For centuries, the history of science in Africa has been generally disregarded or devalued: either its findings were not considered scientific, or they have been presented as if they can only be obtained and understood by Western scientists. The project “An African History of Knowledge and Science beyond Academic Conventions” strives to enhance bottom-up research and create local impact in Africa, and foster inter-African networking. It is decidedly interdisciplinary, and shows a particular emphasis on collaboration between scholars with and without academic backgrounds.
The project has two primary objectives:
- offer a space for heterogenous knowledge, as well as epistemologies that have been disregarded in dominant science, and
- counter the processes of alienation, dispossession and marginalization that challenge scientific African knowledge.

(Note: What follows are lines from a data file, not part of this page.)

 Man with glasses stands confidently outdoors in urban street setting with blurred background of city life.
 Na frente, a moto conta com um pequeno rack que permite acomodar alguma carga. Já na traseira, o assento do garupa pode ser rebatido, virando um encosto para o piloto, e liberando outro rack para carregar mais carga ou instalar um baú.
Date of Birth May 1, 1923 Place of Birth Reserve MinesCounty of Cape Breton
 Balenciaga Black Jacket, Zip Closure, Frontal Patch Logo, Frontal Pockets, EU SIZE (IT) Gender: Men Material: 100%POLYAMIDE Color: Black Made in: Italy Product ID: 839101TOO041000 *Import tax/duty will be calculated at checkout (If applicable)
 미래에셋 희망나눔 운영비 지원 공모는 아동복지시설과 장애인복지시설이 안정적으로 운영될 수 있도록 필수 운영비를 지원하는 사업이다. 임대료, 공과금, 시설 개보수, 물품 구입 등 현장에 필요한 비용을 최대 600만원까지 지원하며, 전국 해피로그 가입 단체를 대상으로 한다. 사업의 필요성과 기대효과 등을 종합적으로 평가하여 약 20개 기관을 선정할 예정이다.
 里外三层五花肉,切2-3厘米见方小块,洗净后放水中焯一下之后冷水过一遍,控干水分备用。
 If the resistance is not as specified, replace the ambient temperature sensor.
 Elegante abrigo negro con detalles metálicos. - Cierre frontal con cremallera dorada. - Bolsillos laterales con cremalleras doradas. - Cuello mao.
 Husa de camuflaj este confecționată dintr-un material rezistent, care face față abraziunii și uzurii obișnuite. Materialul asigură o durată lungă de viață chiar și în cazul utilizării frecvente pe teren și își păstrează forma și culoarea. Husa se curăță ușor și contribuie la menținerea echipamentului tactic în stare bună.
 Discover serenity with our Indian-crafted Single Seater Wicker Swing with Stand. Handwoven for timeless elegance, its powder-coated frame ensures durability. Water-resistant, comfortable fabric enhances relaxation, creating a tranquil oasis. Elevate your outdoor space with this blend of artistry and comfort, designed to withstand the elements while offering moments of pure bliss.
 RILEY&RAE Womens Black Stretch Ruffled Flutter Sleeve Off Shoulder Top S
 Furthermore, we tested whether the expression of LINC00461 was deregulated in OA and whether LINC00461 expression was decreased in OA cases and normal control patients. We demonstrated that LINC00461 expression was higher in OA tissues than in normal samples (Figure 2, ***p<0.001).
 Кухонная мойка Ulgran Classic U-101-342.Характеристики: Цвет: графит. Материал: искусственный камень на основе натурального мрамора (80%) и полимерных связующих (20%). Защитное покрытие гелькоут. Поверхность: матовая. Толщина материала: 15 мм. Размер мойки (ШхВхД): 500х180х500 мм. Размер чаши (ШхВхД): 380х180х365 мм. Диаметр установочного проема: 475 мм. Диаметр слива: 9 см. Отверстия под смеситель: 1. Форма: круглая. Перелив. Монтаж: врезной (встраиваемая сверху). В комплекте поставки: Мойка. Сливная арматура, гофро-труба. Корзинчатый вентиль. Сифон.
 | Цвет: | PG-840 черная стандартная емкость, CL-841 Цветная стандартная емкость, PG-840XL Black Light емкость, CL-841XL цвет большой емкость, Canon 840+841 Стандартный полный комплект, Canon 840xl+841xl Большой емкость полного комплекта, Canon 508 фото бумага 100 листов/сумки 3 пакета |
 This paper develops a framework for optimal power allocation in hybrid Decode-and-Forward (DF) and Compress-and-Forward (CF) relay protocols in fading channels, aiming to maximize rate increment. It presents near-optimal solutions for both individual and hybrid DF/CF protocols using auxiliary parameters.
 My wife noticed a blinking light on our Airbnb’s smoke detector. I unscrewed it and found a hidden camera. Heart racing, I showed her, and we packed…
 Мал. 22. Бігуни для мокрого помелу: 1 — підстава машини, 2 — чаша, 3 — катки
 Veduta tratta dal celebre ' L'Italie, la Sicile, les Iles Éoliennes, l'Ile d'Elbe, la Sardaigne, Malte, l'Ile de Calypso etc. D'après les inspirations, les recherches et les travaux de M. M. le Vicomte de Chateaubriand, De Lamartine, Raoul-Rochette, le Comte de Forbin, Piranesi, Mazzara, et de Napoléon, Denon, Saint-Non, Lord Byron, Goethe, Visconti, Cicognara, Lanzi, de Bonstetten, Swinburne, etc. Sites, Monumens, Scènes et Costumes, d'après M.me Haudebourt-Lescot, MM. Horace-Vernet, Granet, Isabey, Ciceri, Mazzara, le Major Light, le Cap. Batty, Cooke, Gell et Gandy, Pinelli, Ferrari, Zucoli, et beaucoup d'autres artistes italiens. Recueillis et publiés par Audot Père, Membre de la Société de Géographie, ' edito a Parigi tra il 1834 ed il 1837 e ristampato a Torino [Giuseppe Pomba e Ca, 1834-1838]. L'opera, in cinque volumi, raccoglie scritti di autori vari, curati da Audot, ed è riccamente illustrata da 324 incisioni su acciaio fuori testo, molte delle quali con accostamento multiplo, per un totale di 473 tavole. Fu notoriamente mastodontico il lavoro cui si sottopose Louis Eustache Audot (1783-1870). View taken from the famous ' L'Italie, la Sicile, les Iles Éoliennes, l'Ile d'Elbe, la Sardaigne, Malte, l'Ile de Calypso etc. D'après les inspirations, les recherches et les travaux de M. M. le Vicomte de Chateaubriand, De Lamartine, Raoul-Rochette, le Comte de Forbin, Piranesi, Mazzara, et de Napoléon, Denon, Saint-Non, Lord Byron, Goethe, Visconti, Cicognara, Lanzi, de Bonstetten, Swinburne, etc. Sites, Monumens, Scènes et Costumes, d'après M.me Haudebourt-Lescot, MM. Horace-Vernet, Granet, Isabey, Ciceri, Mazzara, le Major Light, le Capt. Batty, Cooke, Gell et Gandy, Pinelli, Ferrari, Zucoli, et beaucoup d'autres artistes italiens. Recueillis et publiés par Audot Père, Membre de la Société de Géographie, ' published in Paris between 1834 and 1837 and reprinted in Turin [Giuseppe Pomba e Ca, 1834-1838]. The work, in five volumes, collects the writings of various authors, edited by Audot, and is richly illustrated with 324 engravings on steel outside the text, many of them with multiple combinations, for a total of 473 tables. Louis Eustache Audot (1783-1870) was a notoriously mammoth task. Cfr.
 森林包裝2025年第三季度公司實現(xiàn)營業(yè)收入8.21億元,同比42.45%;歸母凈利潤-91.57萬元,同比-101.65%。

Their combination intends to foster new space for investigating questions about the ownership of knowledge and to reconceptualize the “archive” crucial for documenting the history of African science. Here we are particularly interested in collaborating with scientists working in both academia and "beyond academia" related, for example, to "local" science, "Indigenous" knowledge, or citizen science.
This project is funded by Supporting Members of the Max Planck Society through its Annual Donation Project 2022.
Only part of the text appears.